As I was writing this, I took a telephone call from Mr. Jim Runkel, who was calling from Texas and regretted that he couldn’t make the festival. But he was going to be in the area two weeks later and was wondering how he might see a Kirtland’s. (We tipped him off to the tours run by the U.S. Forest Service, Mio, and the U.S. Fish and Wildlife Service out of the Grayling Holiday Inn.)

KCC webmaster Marj Esch has created a fabulous KW Festival website, http://warbler.kirtland.edu, which in recent months has registered almost 4,000 hits.

It’s very unusual for a community college to achieve a national stature for anything, but KCC has, at least among birders and nature lovers, been lofted into that rarified atmosphere thanks to a half-ounce bit of feathers that nests only in a few counties in northern Michigan.

The Kirtland’s warbler and the festival that celebrates it are also having an economic impact on our area, to what extent we’re not sure. But we do know that our out-of-state and downstate visitors – and there are plenty of them – are booking rooms, staying in area campsites, filling their gas tanks, eating in our restaurants, shopping in our stores.

The festival committee, in conjunction with the U.S. Fish and Wildlife Service, will be polling festival-goers to see if we can’t begin to get a handle on what the festival and its warbler contributes to the area. “Ecotourism” has been a buzzword for years and it will be interesting to see what our research begins to turn up.

But the festival is also for us local folks too. It began as a community event and it always will be a community event. That’s why kid’s activities will always be a big part of the event. That’s also why, for example, we hired the Whispering Pines Animal Kingdom (see Page 10) to come to last year’s festival (they’re here again) with their beautiful exotic animals.
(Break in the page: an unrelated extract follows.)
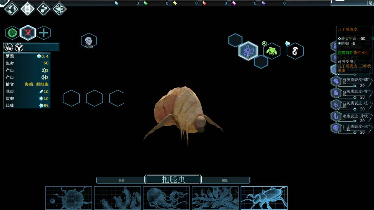 在设计飞船时,专门规划了一间生物实验室。你可以通过基因技术,在飞船上创造培养出能够改造未知环境的生物,帮助我们布局移民计划。但请记住,没有一种物种能单独生存下来,这是亘古不变的规律。为此你可能还需要打造一套生态系统,稳定生物的数量。但人类的基因技术已经停滞了很久,你可能需要自己度过难关。或许把这些母星上仅存的小生灵,投放到迥异的环境中进行培养,可以产生一些希望的火光。

Last year, the discussion at a certain festival committee meeting was pretty lively with one faction worried that the festival was going to take on a “circus atmosphere.” But the doubters cried “uncle” when they saw what a classy (and educational) act Whispering Pines turned out to be for both kids and adults. Tia, the cougar, was my favorite. I’d like to think we became buddies (she let me scratch her ears – a festival chairman perk!) but, alas, she hasn’t written or emailed.

So welcome to the 2004 Kirtland’s Warbler Festival. Have fun, stop by the Headquarters Tent and say hi, let us know what you like or don’t like. We appreciate the feedback – after all, it’s your festival.

One final note: We had a phone call from a physician in Manhattan (NYC). Doc wanted some festival info and particularly wanted to know if there was a Hyatt Regency in Roscommon. I told him not yet, but we’re working on it.